Dopo aver conosciuto un lungo periodo di relativa libertà, dovuta alla sua posizione geografica e alla sua difficile accessibilità da parte degli europei, il Madagascar divenne una colonia francese nel 1895. Sotto la sua dominazione, subì una serie di riforme che ne castrarono ogni autonomia e ogni possibilità di crescita.
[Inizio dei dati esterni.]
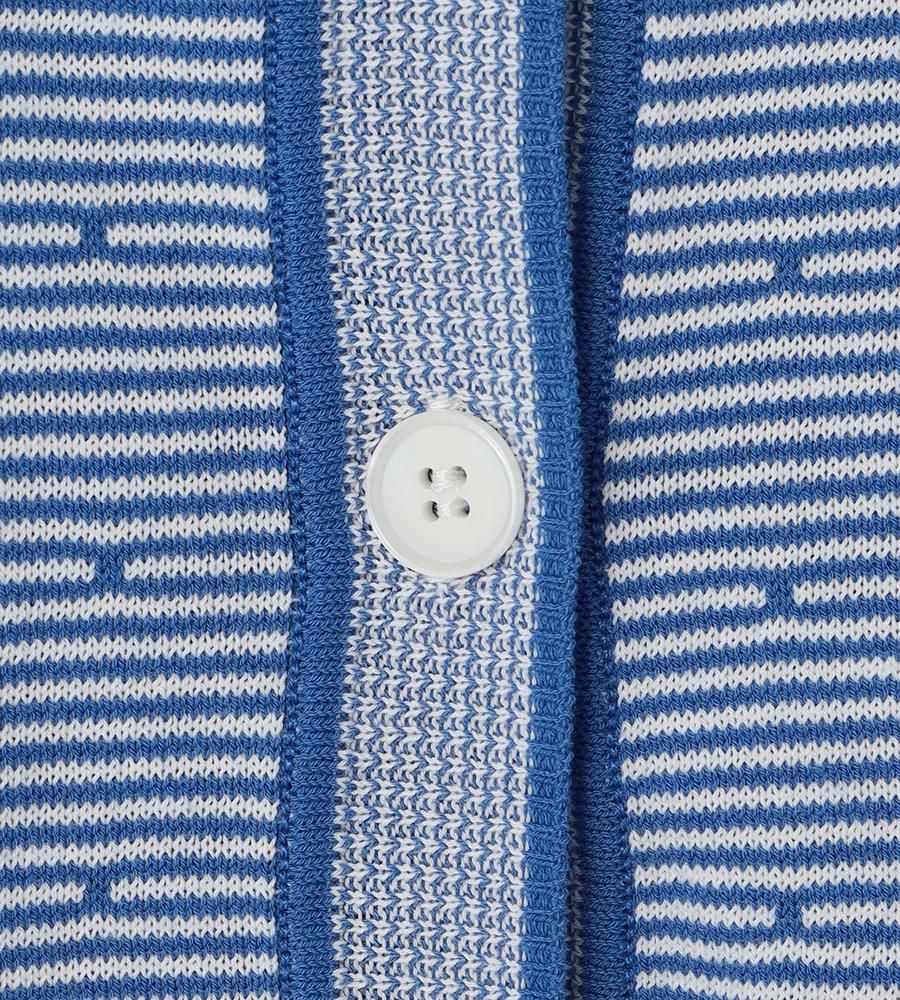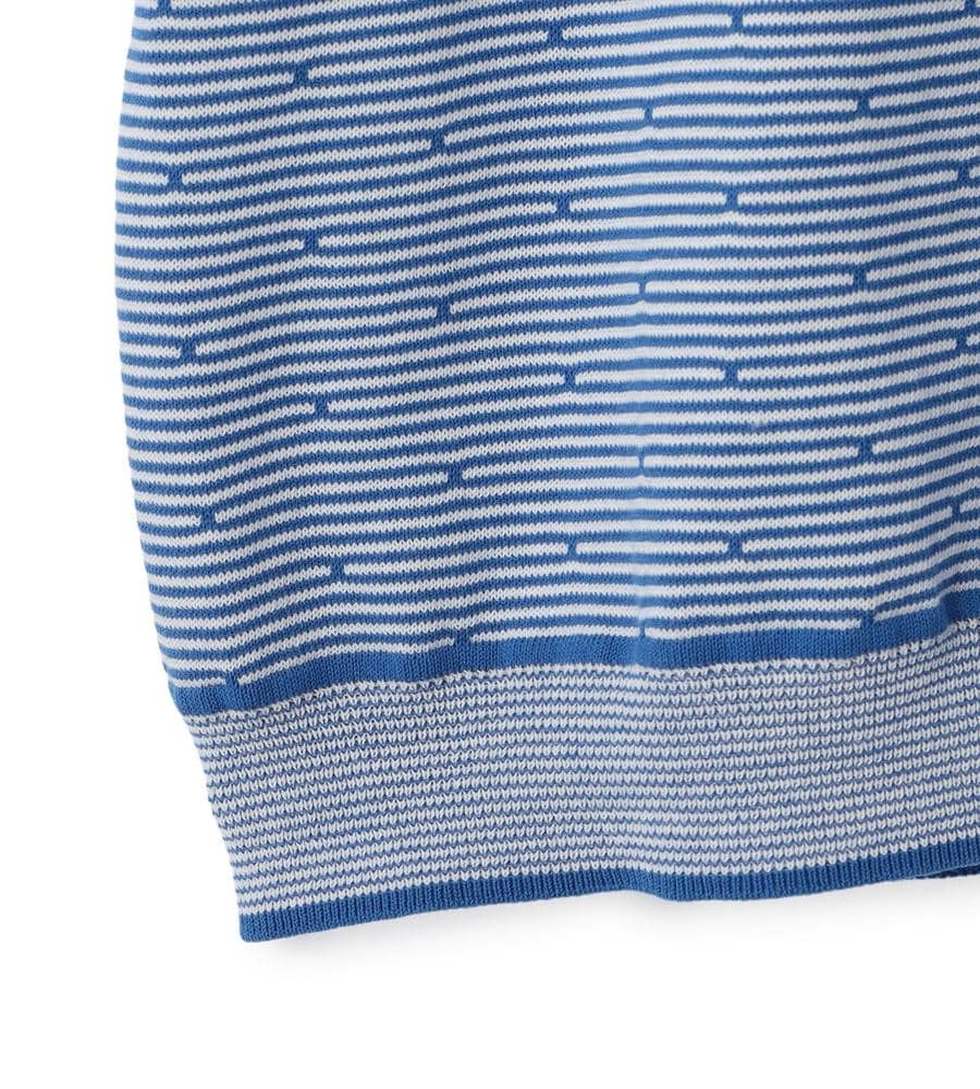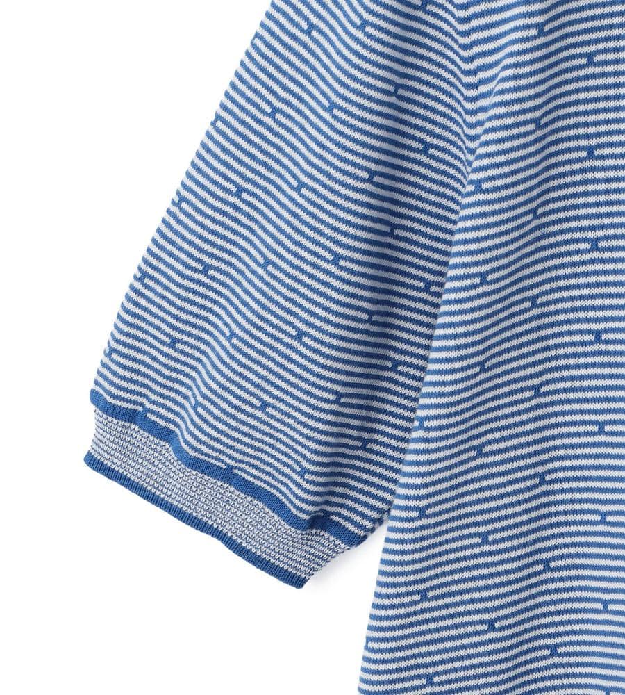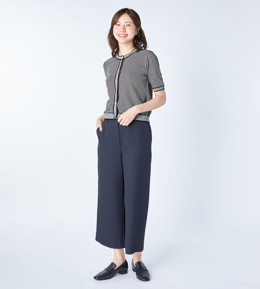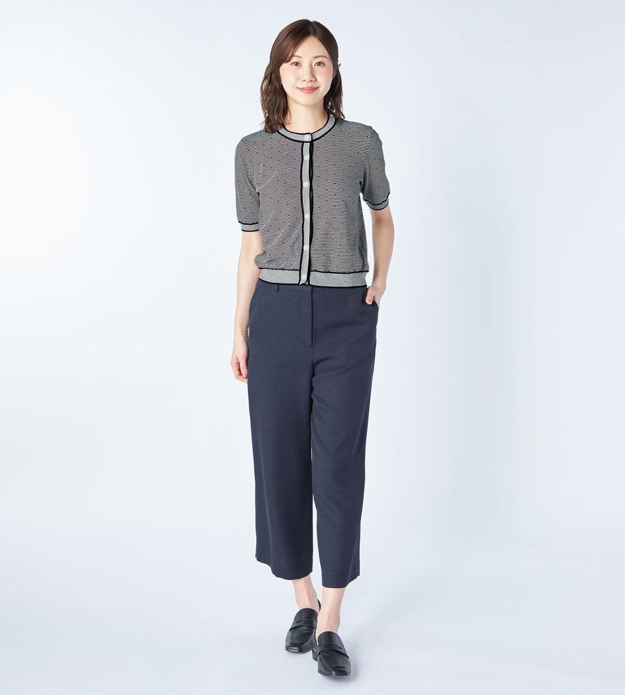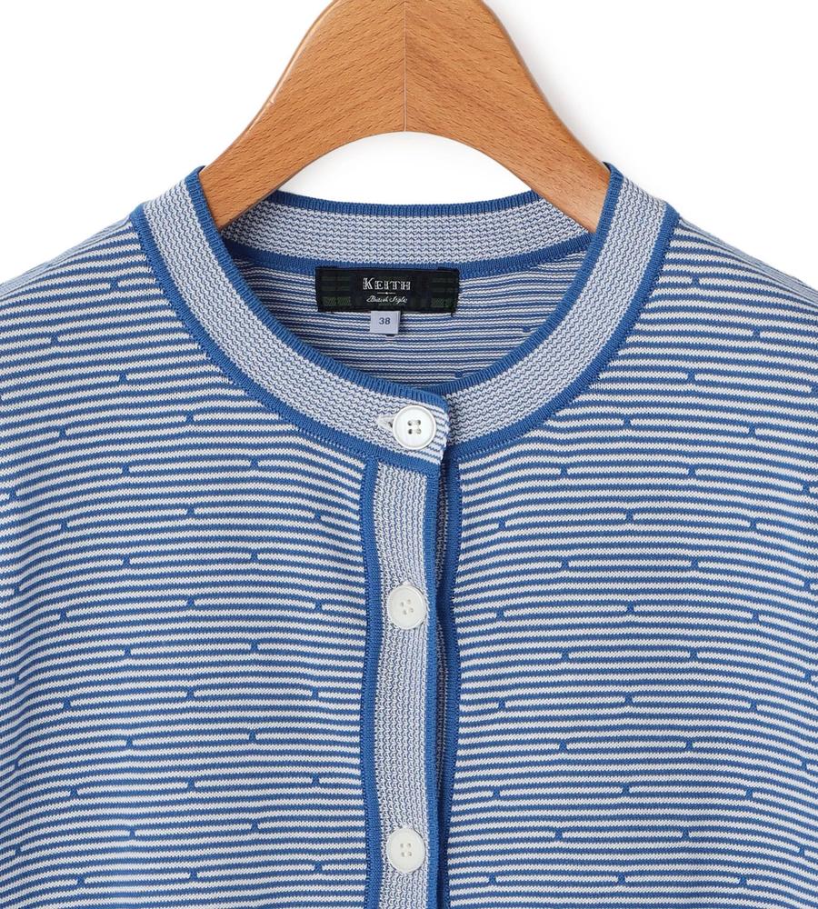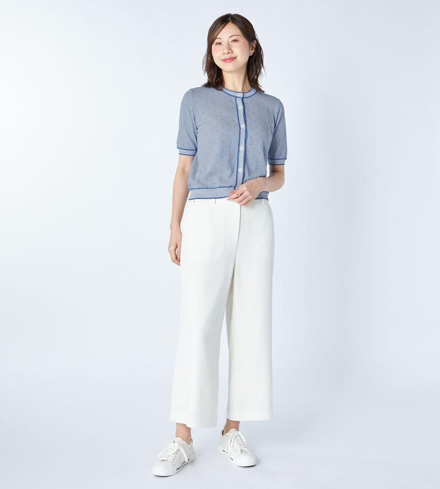 大人が着たいフレンチマリンな着こなしがかなうボーダー柄の半袖ニットです。衿元や裾の配色切り替えがアイテム全体にメリハリ感をプラス、ドットをあわせることで遊び心をきかせました。羽織りとしても使いやすいフルボタン仕様、ジャストウエストな着丈でワンピースやハイウエストボトムスとも好相性です。
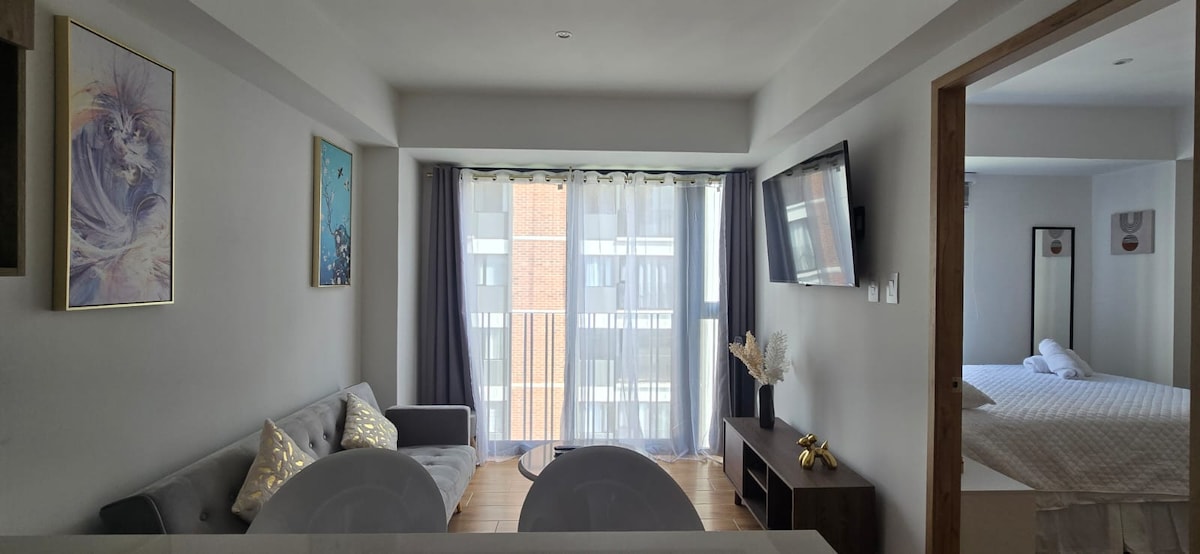 Charmante neue Wohnung, im 7. Stock von QUO im Herzen von Zone 4 und 4 Grados Norte, kürzlich renovierte und zentrale Nachbarschaft. Die Wohnung ist geschmackvoll eingerichtet und möbliert und bietet neben ihrer privilegierten Lage in diesem trendigen Viertel mitten in der Stadt die Möglichkeit, ein gut geplantes urbanes Leben mit allem zur Hand zu erleben, in Räumen mit gemischter Nutzung. Mit Supermarkt La Torre, Apotheke, SPA, Schönheitssalon, Restaurants, Bars und SmartFit-Fitnessstudio im selben Gebäude.

Con la sconfitta francese per mano tedesca nella Seconda Guerra Mondiale, il Madagascar finì sotto il governo collaborazionista di Vichy, per poi essere liberato dagli inglesi e riconsegnato alla Francia nel 1945. Tuttavia, così come accadde nelle altre colonie, i locali, cresciuti sotto la dominazione europea, per la quale avevano combattuto nei vari conflitti del secolo, pretesero parità di trattamento: in Madagascar, così come in altri luoghi, scoppiò una sanguinosissima rivolta, che lasciò sul terreno un grande numero di vittime. Tuttavia, grazie a una maggiore autonomia accordata dal Governo centrale nel 1956, il Madagascar iniziò a fare ‘prove di indipendenza’, finché, con l’arrivo di De Gaulle, poterono votare per la propria libertà. Il 26 giugno del 1960 la grande isola africana era finalmente indipendente: Philibert Tsiranana ne fu il primo Presidente.

Le cose non andarono per il verso sperato: il Presidente fu accusato di attuare politiche troppo francofile e si ritirò dalla vita politica nel 1972. Si chiuse così il primo capitolo della storia del Madagascar indipendente, aprendone uno, più incerto, caratterizzato da governi di giunte militari.